Work item
In the records below, find the line holding "文艺汇演全方位展现大一新生入" and the line holding "- POWERFUL JOYRIDE". Set down both, with every line between them, exactly.

Recorded information
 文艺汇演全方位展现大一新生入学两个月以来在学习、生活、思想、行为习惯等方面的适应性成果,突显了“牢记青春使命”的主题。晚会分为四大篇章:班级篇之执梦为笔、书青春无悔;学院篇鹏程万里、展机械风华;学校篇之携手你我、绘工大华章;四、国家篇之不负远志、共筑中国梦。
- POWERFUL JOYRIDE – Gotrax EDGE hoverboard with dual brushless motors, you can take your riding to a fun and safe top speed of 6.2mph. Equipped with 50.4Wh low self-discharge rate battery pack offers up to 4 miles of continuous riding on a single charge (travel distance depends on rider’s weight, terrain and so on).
---
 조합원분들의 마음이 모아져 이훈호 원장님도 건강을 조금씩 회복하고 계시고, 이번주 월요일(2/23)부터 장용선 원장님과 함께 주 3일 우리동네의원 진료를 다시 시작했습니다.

Task solution
 文艺汇演全方位展现大一新生入学两个月以来在学习、生活、思想、行为习惯等方面的适应性成果,突显了“牢记青春使命”的主题。晚会分为四大篇章:班级篇之执梦为笔、书青春无悔;学院篇鹏程万里、展机械风华;学校篇之携手你我、绘工大华章;四、国家篇之不负远志、共筑中国梦。
- POWERFUL JOYRIDE – Gotrax EDGE hoverboard with dual brushless motors, you can take your riding to a fun and safe top speed of 6.2mph. Equipped with 50.4Wh low self-discharge rate battery pack offers up to 4 miles of continuous riding on a single charge (travel distance depends on rider’s weight, terrain and so on).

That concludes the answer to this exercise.